### Task description:
Reproduce the data below in full and exclude every picture.

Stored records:
——————————

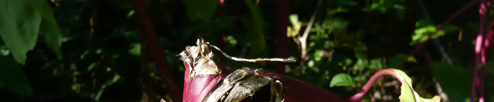 QLMB2008 037 Voilà ce qu'il ne faut pas faire : cette phytolaque a été bastonnée il y a 1 mois ou 2, mais pas sectionnée, et de fait elle n'est pas morte et sa tige pliée...
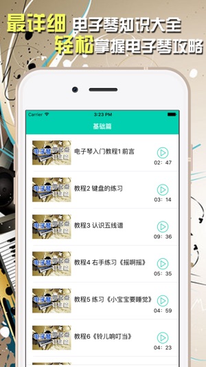 根据初学者的特点,由浅人深,循序渐进图示电子琴入门知识、电子琴视频教程,集乐理、琴谱、电子琴百科于一体,以及必备乐理知识,让初学者认识电子琴的特点,掌握演奏方法,体验电子琴特有的演奏效果! 让一个零基础音乐知识的电子琴爱好者,在饶有趣味的学习中掌握电子琴的演奏技巧,学习弹奏指法,通过教程成长为一个自如演奏初中级乐谱的电子琴爱好者。
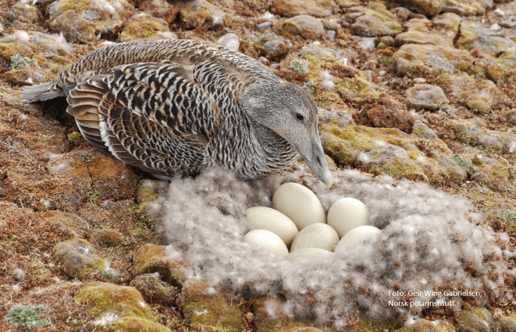 Uten feltarbeid, ingen prøver til banken. I juni i sommer samlet Kjetil Sagerup (forsker ved Akvaplan-niva) inn egg fra ærfugl (Somateria mollissima) og krykkje (Rissa tridactyla) fra Kongsfjorden på Svalbard til miljøprøvebanken (MPB). Tillatelse for arbeidet er gitt av Sysselmannen og har RIS-ID 5845. Innsamlingen gjennomføres i forbindelse med feltarbeid for forskningsprosjekt på polarmåker (SEAPOP og MULTISTRESS). Innsamling for MPB er ikke fullfinansiert, noe som betyr at forskerne er avhengige av å gjøre dette som en del av andre prosjekter. Innsamlingen av eggene er det første som gjøres når Kjetil og hans kollegaer kommer ut i felt. For ærfugl er det på tampen av rugingen, noe dunmengden i bildene gir en indikasjon på. For krykjene sin del er forskerne ute i perfekt tid. Andre forskere som arbeider i krykkjefjellet gir beskjed om når egglegging starter og når eggleggingen er på topp. Siden krykkjene vanligvis er litt senere enn ærfuglene betyr dette vanligvis og også for 2018 at eggene er ferske. Forskerne melder at arbeidet gikk uten noen vanskeligheter og de var i stand til å samle inn alle egg som skulle inn. Nå ligger eggene trygt på plass i bankens fryselager, alle godt merket med art, sted, år og hvor man finner tilleggsinformasjonen om prøvene. Hvem vet, kanskje du analyserer noen av akkurat disse eggene om 20 år for stoffer som vi ikke vet finnes i disse eggene idag?
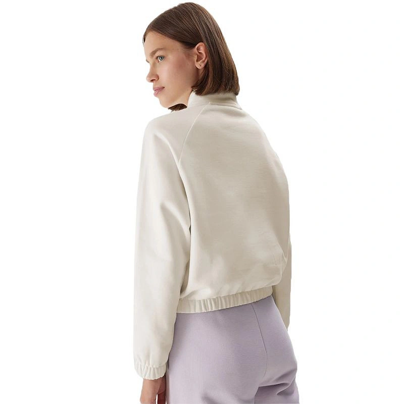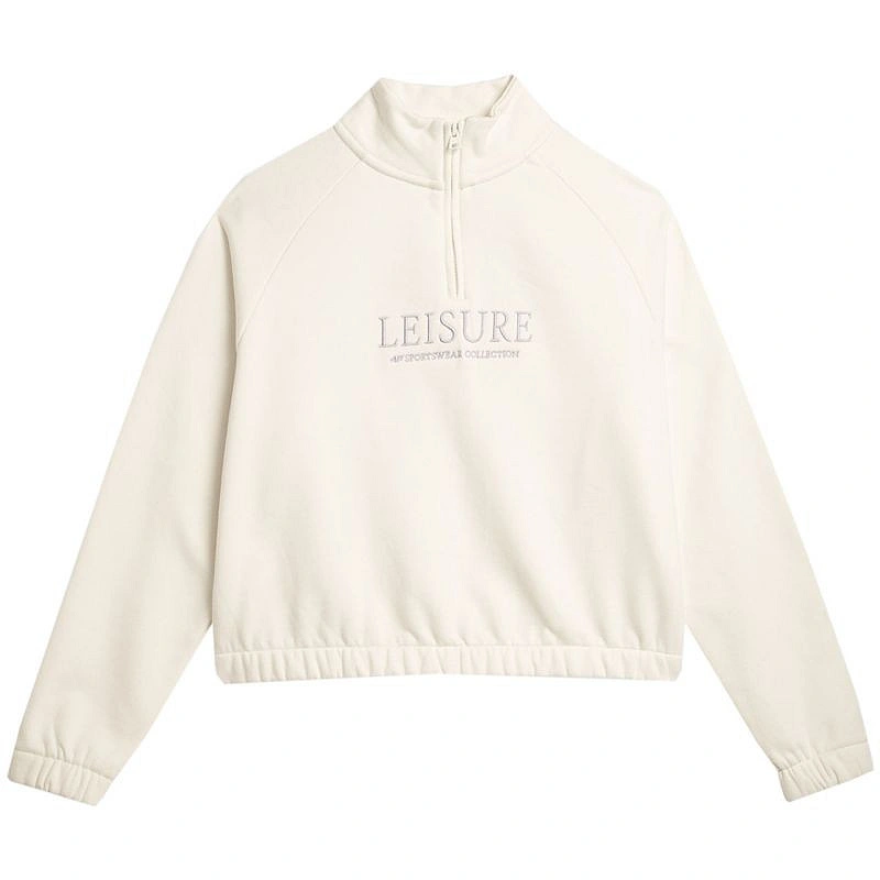 Bluza damska 4F F0718 kremowa 4FAW23TSWSF0718 12S Bluza damska sprawdzi się na co dzień. Ocieplana. Wkładana przez głowę. Bez kaptura. Stójka z krótkim suwakiem. Z przodu haftowany napis "Leisure 4F Sportswear Collection". Raglanowe rękawy zapewniają swobodę ruchu. Dół i mankiety zakończone gumkami. Miękki materiał z wysoką zawartością bawełny dla komfortu na co dzień. Materiał główny: 78% bawełna, 12% poliesterPodszewka: 100% bawełna
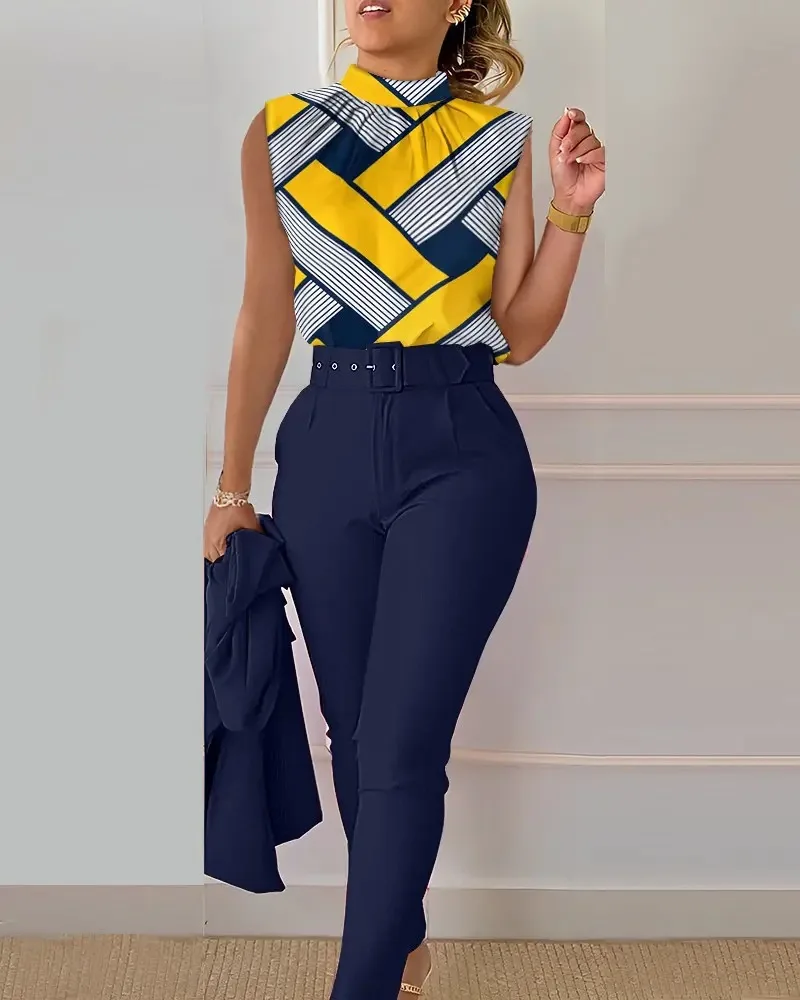 Women's Two Piece Set O Neck Sleeveless Top Pencil Pants Fashion Print With Belt Blouses Tank 2 Piece Set Female Women Clothing
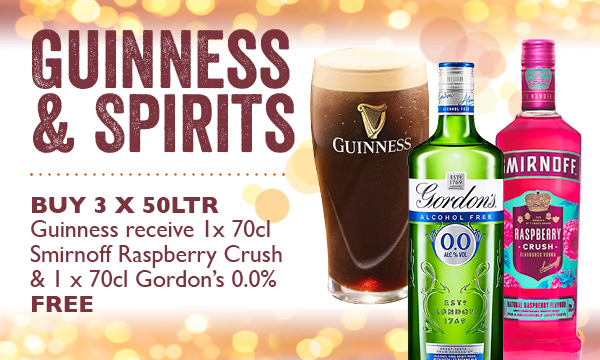 Buy 3x 50L Guinness get 1x 70cl Smirnoff RC & Gordon's 0.0% free
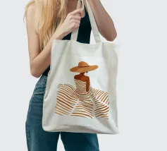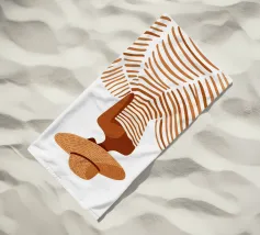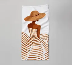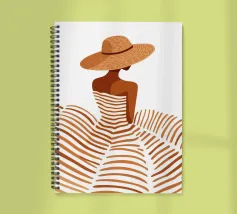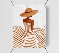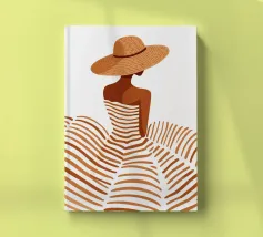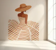 Leg de tijdloze allure van een vakantie aan de Middellandse Zee vast met "Summer Elegance". Deze prachtige minimalistische illustratie toont een geraffineerd silhouet van een vrouw van achteren, getooid met een breedgerande strooien zonnehoed en een vloeiende, terracotta gestreepte jurk. De warme, aardse tinten en schone witte achtergrond roepen een gevoel op van high-fashion sereniteit en zonovergoten middagen.
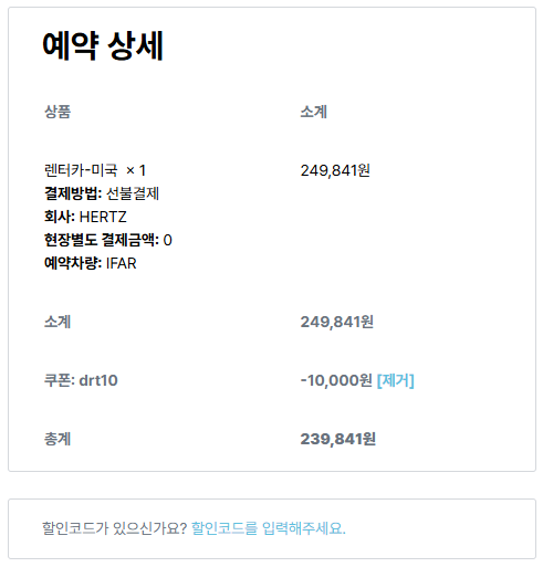 보이는 것처럼, 최종 결제 화면에서 20만원 이상 1만원 할인코드인 DRT10을 적용했을 때, 만원이 할인되어 239,841원이 결제금액이 되는 것을 확인할 수 있다.
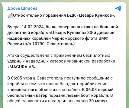 Як раніше писалось, 14.02.2024 Сили оборони України атакували надводними дронами ВДК "Цезар Куніков" поблизу м. Алупка, Крим. Внаслідок удару 5 безекіпажними човнами-камікадзе, корабель отримав серйозні ушкодження і затонув. Це офіційно підтвердили ряд українських високопосадовців, в т.ч. і голова ГУР К. Буданов.

——————————

### Your response:
 QLMB2008 037 Voilà ce qu'il ne faut pas faire : cette phytolaque a été bastonnée il y a 1 mois ou 2, mais pas sectionnée, et de fait elle n'est pas morte et sa tige pliée...
 根据初学者的特点,由浅人深,循序渐进图示电子琴入门知识、电子琴视频教程,集乐理、琴谱、电子琴百科于一体,以及必备乐理知识,让初学者认识电子琴的特点,掌握演奏方法,体验电子琴特有的演奏效果! 让一个零基础音乐知识的电子琴爱好者,在饶有趣味的学习中掌握电子琴的演奏技巧,学习弹奏指法,通过教程成长为一个自如演奏初中级乐谱的电子琴爱好者。
 Uten feltarbeid, ingen prøver til banken. I juni i sommer samlet Kjetil Sagerup (forsker ved Akvaplan-niva) inn egg fra ærfugl (Somateria mollissima) og krykkje (Rissa tridactyla) fra Kongsfjorden på Svalbard til miljøprøvebanken (MPB). Tillatelse for arbeidet er gitt av Sysselmannen og har RIS-ID 5845. Innsamlingen gjennomføres i forbindelse med feltarbeid for forskningsprosjekt på polarmåker (SEAPOP og MULTISTRESS). Innsamling for MPB er ikke fullfinansiert, noe som betyr at forskerne er avhengige av å gjøre dette som en del av andre prosjekter. Innsamlingen av eggene er det første som gjøres når Kjetil og hans kollegaer kommer ut i felt. For ærfugl er det på tampen av rugingen, noe dunmengden i bildene gir en indikasjon på. For krykjene sin del er forskerne ute i perfekt tid. Andre forskere som arbeider i krykkjefjellet gir beskjed om når egglegging starter og når eggleggingen er på topp. Siden krykkjene vanligvis er litt senere enn ærfuglene betyr dette vanligvis og også for 2018 at eggene er ferske. Forskerne melder at arbeidet gikk uten noen vanskeligheter og de var i stand til å samle inn alle egg som skulle inn. Nå ligger eggene trygt på plass i bankens fryselager, alle godt merket med art, sted, år og hvor man finner tilleggsinformasjonen om prøvene. Hvem vet, kanskje du analyserer noen av akkurat disse eggene om 20 år for stoffer som vi ikke vet finnes i disse eggene idag?
 Bluza damska 4F F0718 kremowa 4FAW23TSWSF0718 12S Bluza damska sprawdzi się na co dzień. Ocieplana. Wkładana przez głowę. Bez kaptura. Stójka z krótkim suwakiem. Z przodu haftowany napis "Leisure 4F Sportswear Collection". Raglanowe rękawy zapewniają swobodę ruchu. Dół i mankiety zakończone gumkami. Miękki materiał z wysoką zawartością bawełny dla komfortu na co dzień. Materiał główny: 78% bawełna, 12% poliesterPodszewka: 100% bawełna
 Women's Two Piece Set O Neck Sleeveless Top Pencil Pants Fashion Print With Belt Blouses Tank 2 Piece Set Female Women Clothing
 Buy 3x 50L Guinness get 1x 70cl Smirnoff RC & Gordon's 0.0% free
 Leg de tijdloze allure van een vakantie aan de Middellandse Zee vast met "Summer Elegance". Deze prachtige minimalistische illustratie toont een geraffineerd silhouet van een vrouw van achteren, getooid met een breedgerande strooien zonnehoed en een vloeiende, terracotta gestreepte jurk. De warme, aardse tinten en schone witte achtergrond roepen een gevoel op van high-fashion sereniteit en zonovergoten middagen.
 보이는 것처럼, 최종 결제 화면에서 20만원 이상 1만원 할인코드인 DRT10을 적용했을 때, 만원이 할인되어 239,841원이 결제금액이 되는 것을 확인할 수 있다.
 Як раніше писалось, 14.02.2024 Сили оборони України атакували надводними дронами ВДК "Цезар Куніков" поблизу м. Алупка, Крим. Внаслідок удару 5 безекіпажними човнами-камікадзе, корабель отримав серйозні ушкодження і затонув. Це офіційно підтвердили ряд українських високопосадовців, в т.ч. і голова ГУР К. Буданов.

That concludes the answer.